::: DATASET EXCERPTS :::

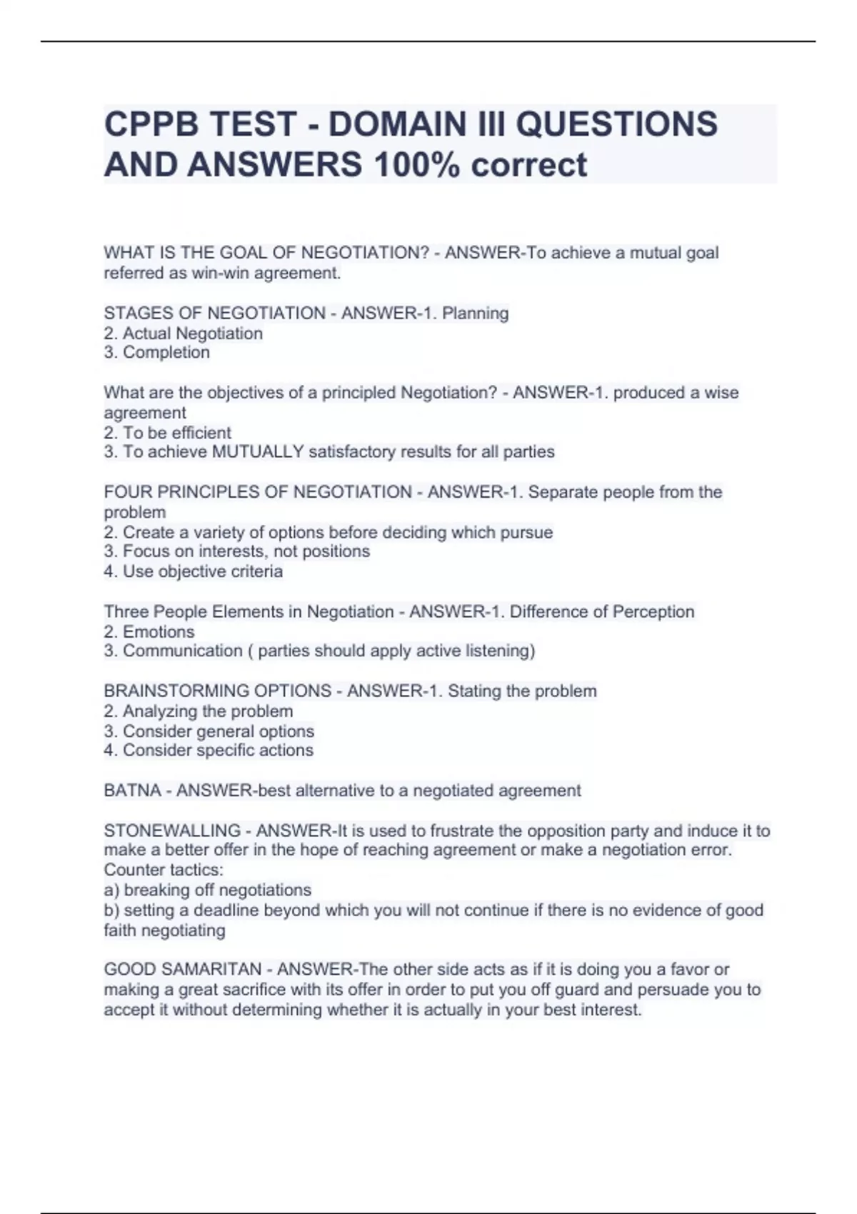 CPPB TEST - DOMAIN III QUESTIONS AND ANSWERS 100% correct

:::
::: DATASET EXCERPTS :::

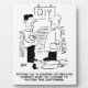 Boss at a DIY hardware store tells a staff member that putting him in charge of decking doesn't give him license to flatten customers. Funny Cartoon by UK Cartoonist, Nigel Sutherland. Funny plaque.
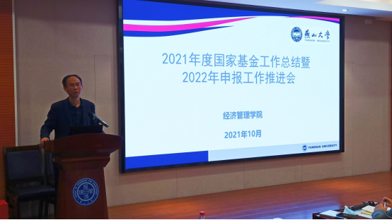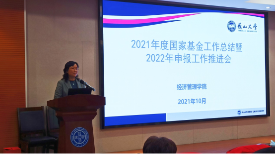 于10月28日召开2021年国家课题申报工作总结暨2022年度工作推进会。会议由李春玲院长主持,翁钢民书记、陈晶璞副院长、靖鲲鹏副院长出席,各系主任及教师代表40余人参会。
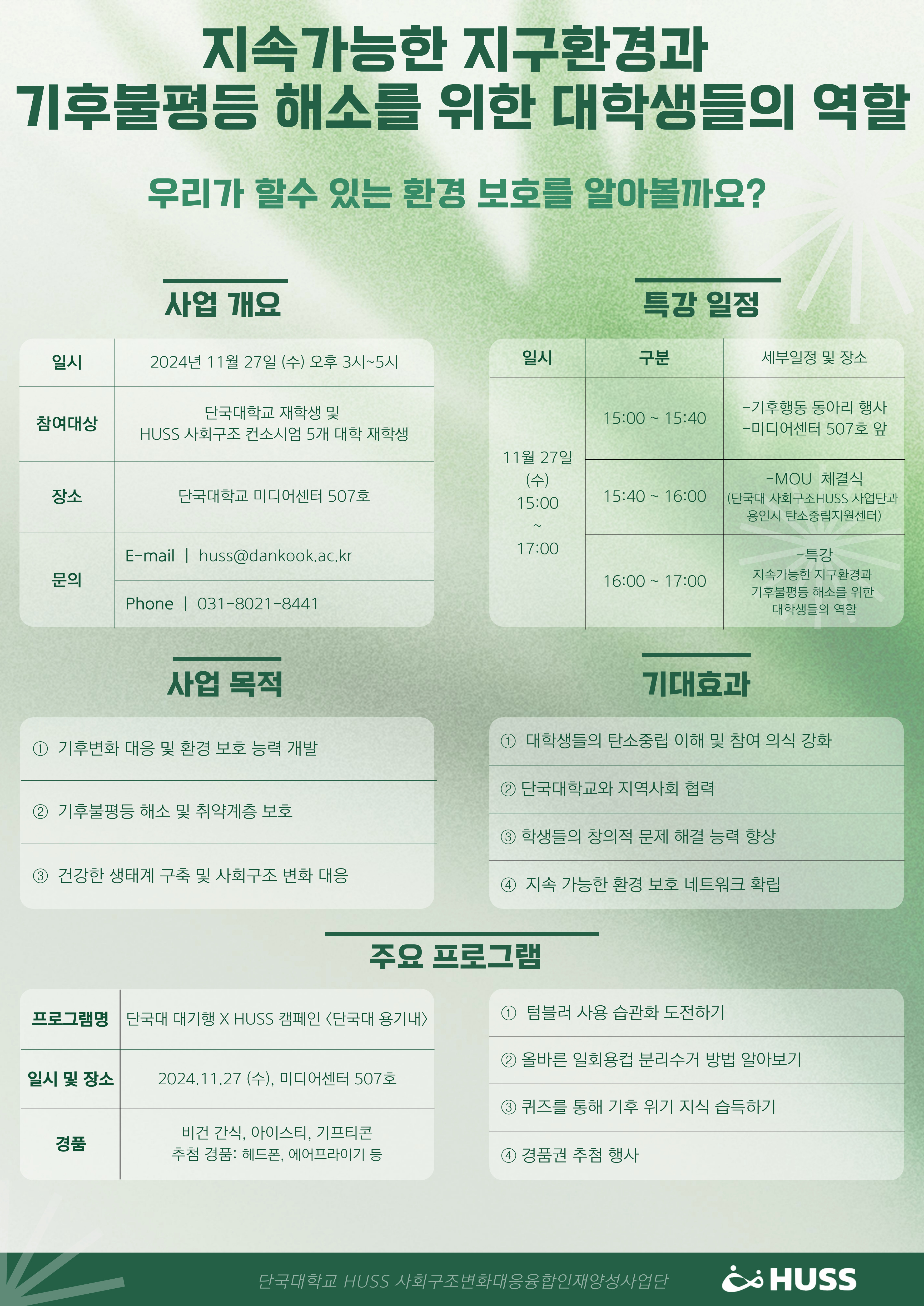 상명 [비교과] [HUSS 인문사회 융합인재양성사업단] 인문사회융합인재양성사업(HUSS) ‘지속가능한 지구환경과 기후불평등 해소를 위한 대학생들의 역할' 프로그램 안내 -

:::

## TASK PROMPT
Set down again, word for word, every line from the one with "于10月28日召开2021年" to the one with "상명 [비교과] [HUSS" in the entries above, and omit the pictures.

## TASK RESULT
 于10月28日召开2021年国家课题申报工作总结暨2022年度工作推进会。会议由李春玲院长主持,翁钢民书记、陈晶璞副院长、靖鲲鹏副院长出席,各系主任及教师代表40余人参会。
 상명 [비교과] [HUSS 인문사회 융합인재양성사업단] 인문사회융합인재양성사업(HUSS) ‘지속가능한 지구환경과 기후불평등 해소를 위한 대학생들의 역할' 프로그램 안내 -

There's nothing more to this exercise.